[[ The data open ]]
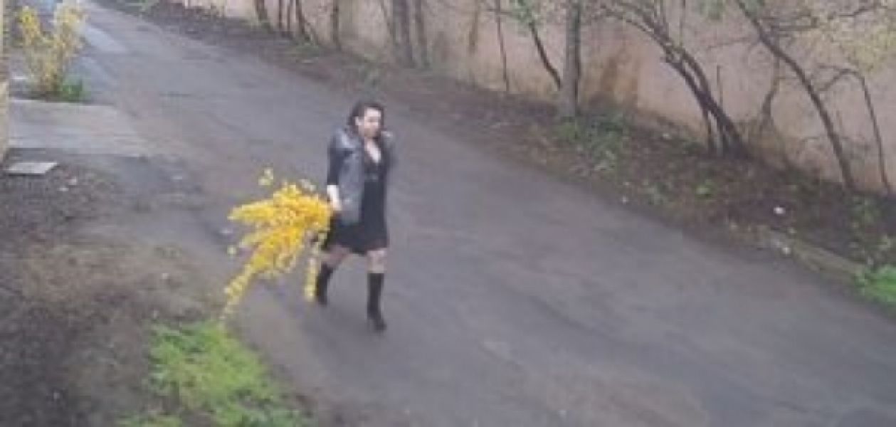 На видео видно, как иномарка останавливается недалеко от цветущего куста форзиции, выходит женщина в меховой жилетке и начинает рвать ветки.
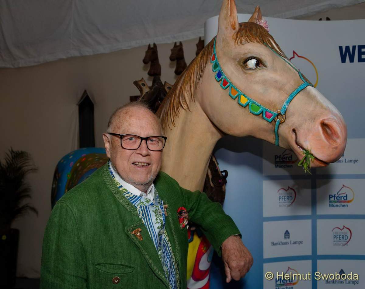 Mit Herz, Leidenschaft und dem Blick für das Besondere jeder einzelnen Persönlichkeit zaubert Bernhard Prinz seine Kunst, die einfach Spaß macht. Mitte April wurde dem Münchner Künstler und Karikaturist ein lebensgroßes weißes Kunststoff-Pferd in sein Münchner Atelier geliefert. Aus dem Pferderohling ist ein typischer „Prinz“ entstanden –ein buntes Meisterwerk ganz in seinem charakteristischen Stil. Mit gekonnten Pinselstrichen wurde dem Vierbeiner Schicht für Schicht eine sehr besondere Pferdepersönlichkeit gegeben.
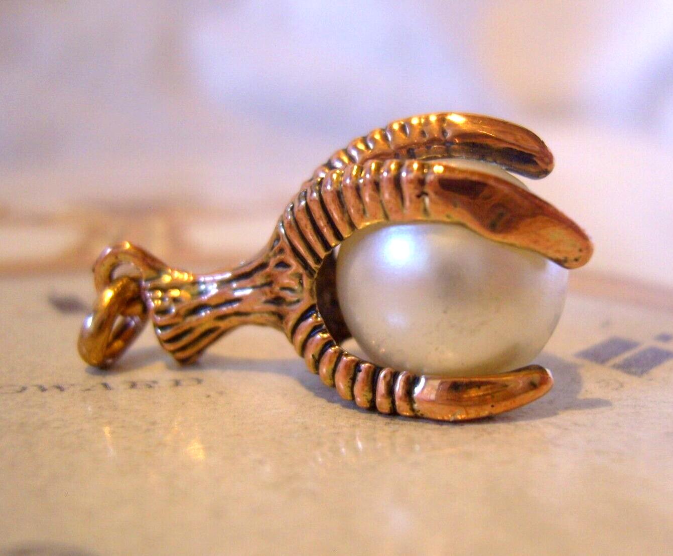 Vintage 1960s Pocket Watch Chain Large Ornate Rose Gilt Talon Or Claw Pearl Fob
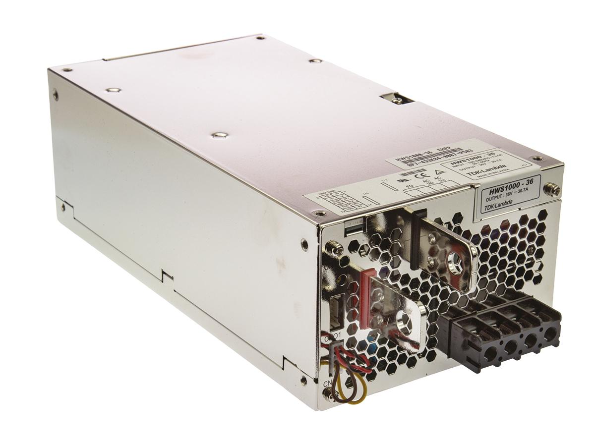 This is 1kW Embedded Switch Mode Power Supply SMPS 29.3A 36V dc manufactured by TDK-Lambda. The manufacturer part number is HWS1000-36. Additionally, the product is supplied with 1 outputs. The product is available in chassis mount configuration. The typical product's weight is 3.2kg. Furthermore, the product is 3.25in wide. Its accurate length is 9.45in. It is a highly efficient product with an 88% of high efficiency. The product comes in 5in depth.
[[ The data closed ]]
» **Work instruction**
Lines from the one containing "Vintage 1960s Pocket" through the end of the listing, both included, are to be restated exactly, and pictures are to be left out.

» **Answer to this task**
 Vintage 1960s Pocket Watch Chain Large Ornate Rose Gilt Talon Or Claw Pearl Fob
 This is 1kW Embedded Switch Mode Power Supply SMPS 29.3A 36V dc manufactured by TDK-Lambda. The manufacturer part number is HWS1000-36. Additionally, the product is supplied with 1 outputs. The product is available in chassis mount configuration. The typical product's weight is 3.2kg. Furthermore, the product is 3.25in wide. Its accurate length is 9.45in. It is a highly efficient product with an 88% of high efficiency. The product comes in 5in depth.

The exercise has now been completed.